Work item: After locating the line with "작은 화분들로 정성껏 꾸며 놓은 길을", repeat it and every following line to the end of the listing, exactly. Omit the pictures.

Data under study:
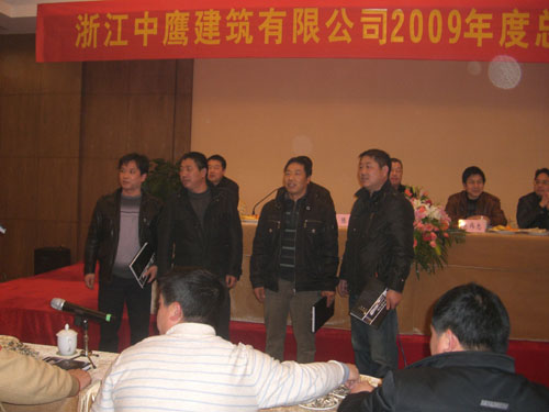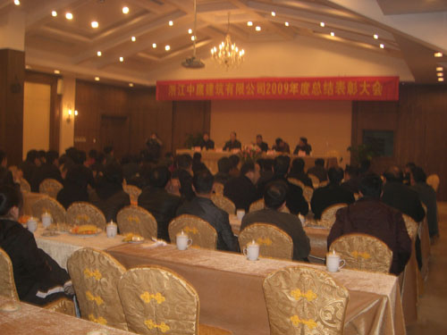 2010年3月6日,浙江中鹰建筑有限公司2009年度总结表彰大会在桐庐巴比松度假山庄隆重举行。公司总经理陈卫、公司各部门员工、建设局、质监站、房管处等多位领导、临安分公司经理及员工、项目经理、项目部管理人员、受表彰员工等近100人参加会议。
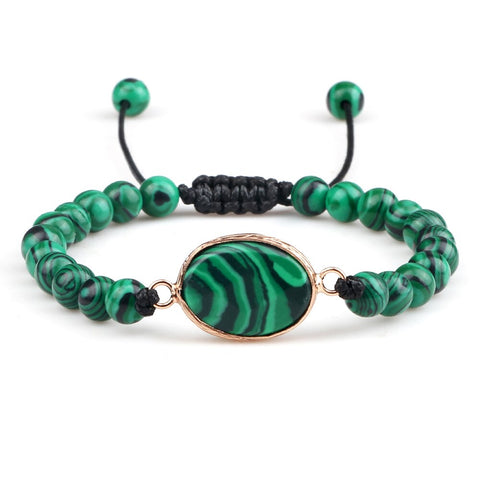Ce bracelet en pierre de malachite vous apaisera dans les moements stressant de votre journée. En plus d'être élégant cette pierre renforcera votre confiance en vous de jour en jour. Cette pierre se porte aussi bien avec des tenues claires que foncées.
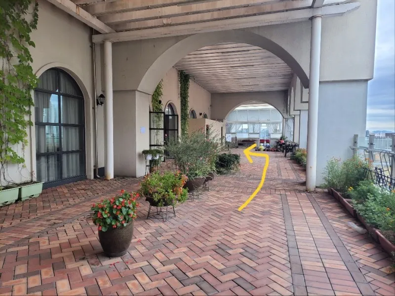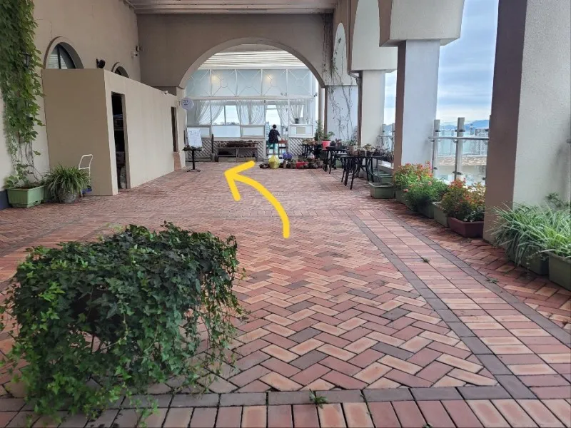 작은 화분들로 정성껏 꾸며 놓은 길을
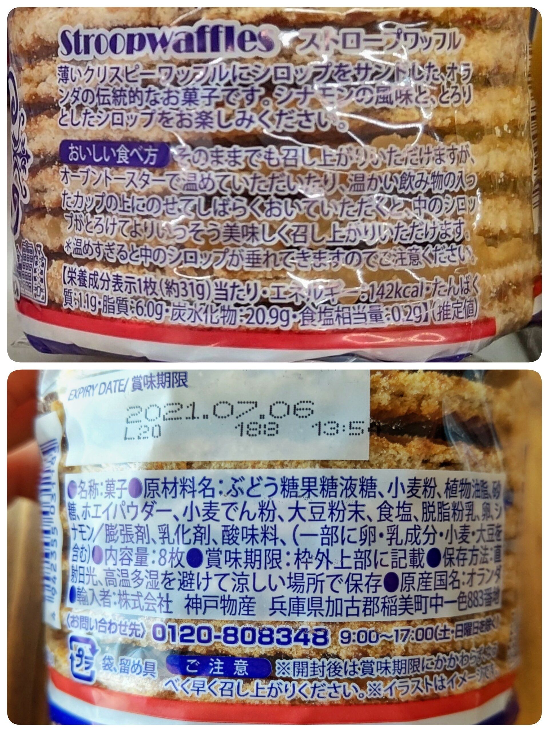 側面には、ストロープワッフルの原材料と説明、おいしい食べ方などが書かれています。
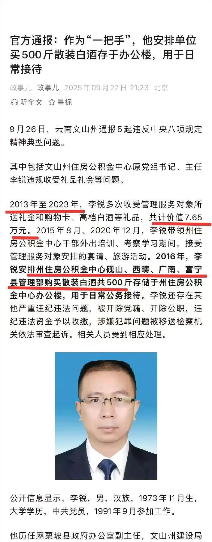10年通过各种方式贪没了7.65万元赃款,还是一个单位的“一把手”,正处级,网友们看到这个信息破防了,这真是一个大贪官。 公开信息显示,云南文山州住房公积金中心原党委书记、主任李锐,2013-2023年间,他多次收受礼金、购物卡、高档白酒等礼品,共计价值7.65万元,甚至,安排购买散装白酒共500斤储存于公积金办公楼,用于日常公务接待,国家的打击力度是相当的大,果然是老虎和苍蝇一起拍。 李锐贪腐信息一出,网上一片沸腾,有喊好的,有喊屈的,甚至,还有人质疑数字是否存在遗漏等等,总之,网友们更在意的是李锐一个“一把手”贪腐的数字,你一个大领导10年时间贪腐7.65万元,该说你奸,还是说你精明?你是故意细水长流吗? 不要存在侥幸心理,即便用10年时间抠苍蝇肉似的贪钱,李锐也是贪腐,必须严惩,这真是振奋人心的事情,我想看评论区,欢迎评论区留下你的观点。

The answer:
 작은 화분들로 정성껏 꾸며 놓은 길을
 側面には、ストロープワッフルの原材料と説明、おいしい食べ方などが書かれています。
10年通过各种方式贪没了7.65万元赃款,还是一个单位的“一把手”,正处级,网友们看到这个信息破防了,这真是一个大贪官。 公开信息显示,云南文山州住房公积金中心原党委书记、主任李锐,2013-2023年间,他多次收受礼金、购物卡、高档白酒等礼品,共计价值7.65万元,甚至,安排购买散装白酒共500斤储存于公积金办公楼,用于日常公务接待,国家的打击力度是相当的大,果然是老虎和苍蝇一起拍。 李锐贪腐信息一出,网上一片沸腾,有喊好的,有喊屈的,甚至,还有人质疑数字是否存在遗漏等等,总之,网友们更在意的是李锐一个“一把手”贪腐的数字,你一个大领导10年时间贪腐7.65万元,该说你奸,还是说你精明?你是故意细水长流吗? 不要存在侥幸心理,即便用10年时间抠苍蝇肉似的贪钱,李锐也是贪腐,必须严惩,这真是振奋人心的事情,我想看评论区,欢迎评论区留下你的观点。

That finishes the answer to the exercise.